Solid lasers

Abstract

 A solid laser device comprises an elliptical beam collector (13) in which a solid laser medium (11) and a beam source (12) for excitation of the laser medium are mounted. A wavelength selective reflection film (14) on one or both of the outer and inner surfaces of the beam collector (13) reflects beams with wavelengths effective for excitation of the laser medium onto the laser medium and transmits beams with other wavelengths outside the beam collector. A beam shield (15) outside the beam collector (13) absorbs the beams transmitted outside the beam collector. A wavelength conversion filter (21) extends within the beam collector (13) around the laser medium (11) and converts beams with wavelengths not effective for the excitation into beams with wavelengths effective for the excitation.

Description

[0001] The present invention relates to solid lasers in which beams from an excitation source are collected in a solid laser medium.

[0002] Laser beams, which are coherent and advantageously homogeneous in wavelength, have been used in various scientific and technological fields. Among various known types of laser are solid lasers; for instance, ruby lasers and YAG lasers are well known in the art.

[0003] A known solid laser device for generating laser beams comprises a beam collector with a solid laser medium and an excitation beam source mounted therein for directing the beams from the source into the laser medium for excitation. Figures 1 and 2 are schematic views of such known lasers in which, in order to enhance the excitation efficiency, the inner surface of the beam collector 1 is plated with gold or silver to define a reflection surface 2 which reflects all the beams from the excitation beam source 3 to direct the same into the laser medium 4. In addition to the gold or silver plated reflection surface 2, the laser medium 4 may be surrounded by a wavelength selective filter 5, as shown in Figure 2, so that only beams with wavelengths effective for the excitation can be transmitted through the filter 5 and collected in the laser medium 4.

[0004] When all the beams from the source 3 are collected in the medium 4 in the beam collector 1, as shown in Figure 1, only some of the collected beams have wavelengths effective for the excitation and the remainder have ineffective wavelengths therefor.

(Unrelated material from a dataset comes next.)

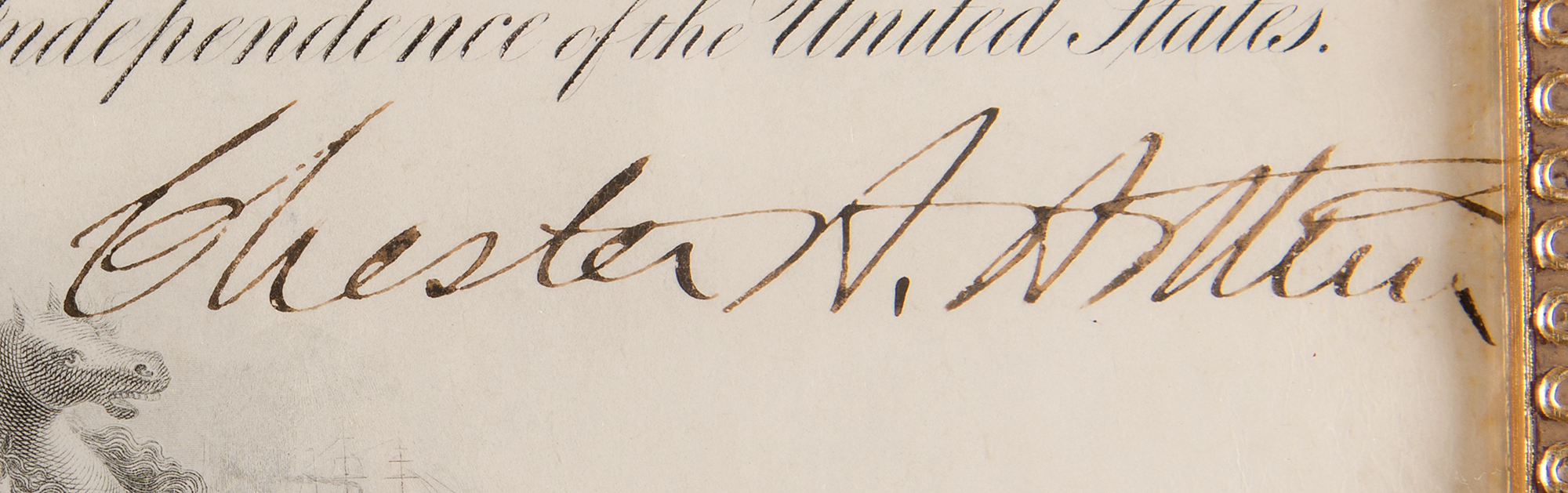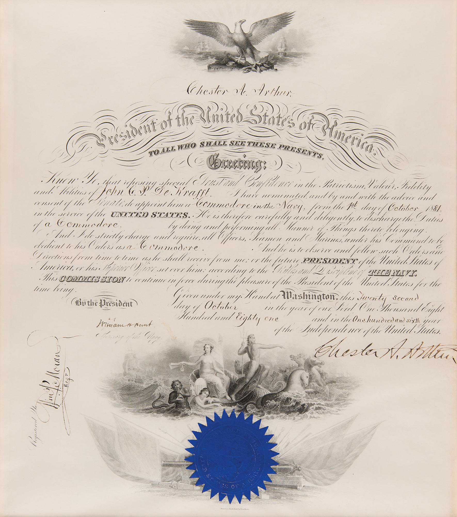 Partly-printed vellum DS as president, one page, 15 x 17.5, October 22, 1881. President Arthur appoints John C. P. DeKraft as "a Commodore in the Navy." Boldly signed at the conclusion in ink by President Chester A. Arthur, and countersigned by Secretary of the Navy William H. Hunt. The blue seal affixed at the bottom remains fully intact. Handsomely cloth-matted and framed with a portrait and plaque to an overall size of 30 x 25.5. In fine condition.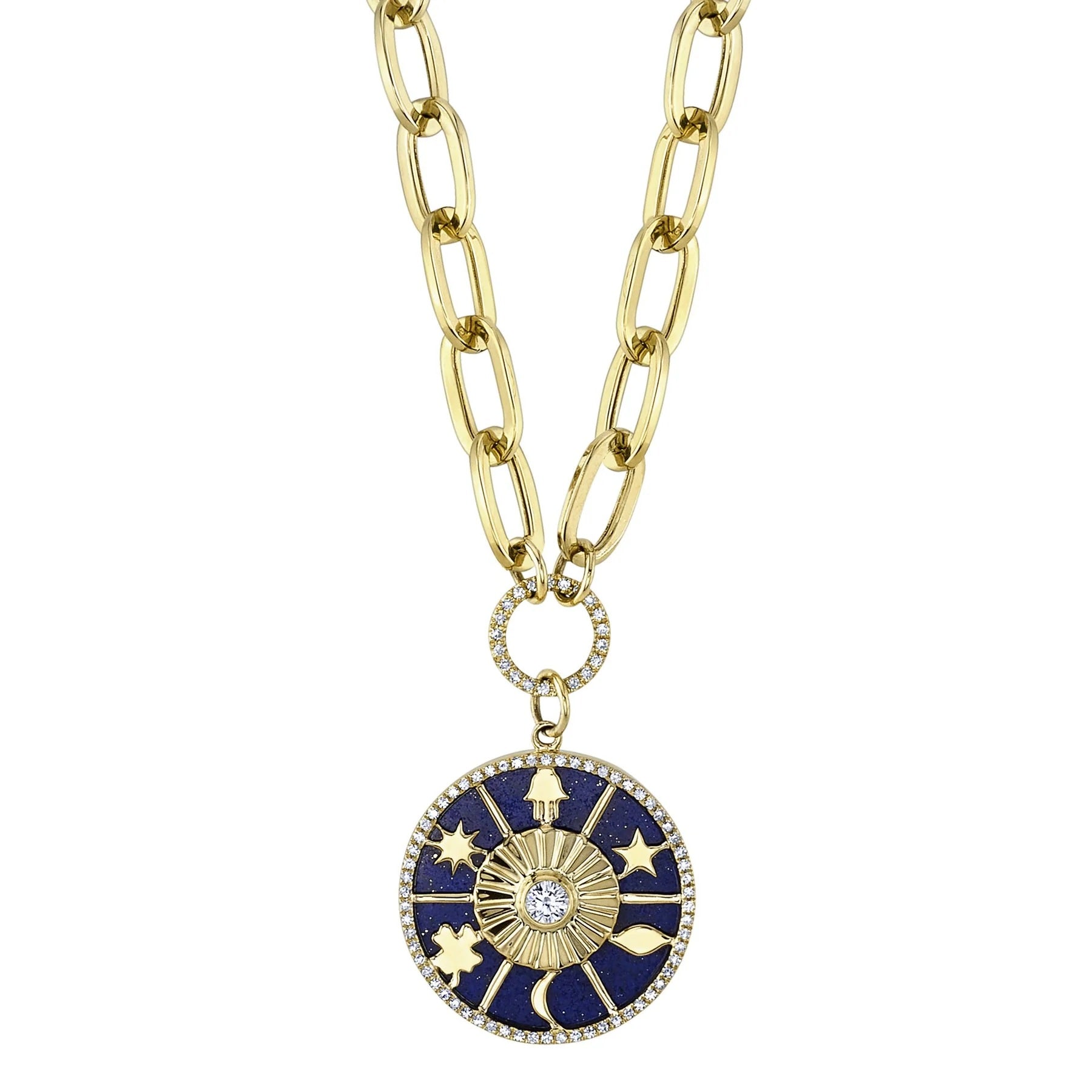 Diamond & Lapis, Hamsa, Moon, Star & Sun Necklace

The laser medium 4 is thus subjected to a thermal load due to such ineffective beams and therefore has a thermal lens effect which is an obstacle when high output of the laser and/or single transverse mode is desired.

[0005] The thermal load on the medium 4 will also adversely affect the excitation beam source 3 and shorten its life.

[0006] When the laser medium 4 is within a filter 5, as shown in Figure 2, the medium 4 itself is not subjected to a thermal load due to ineffective beams. However, the filter 5 is thermally loaded which results in a substantial deterioration in its transmissivity to the beams to be collected in the medium 4.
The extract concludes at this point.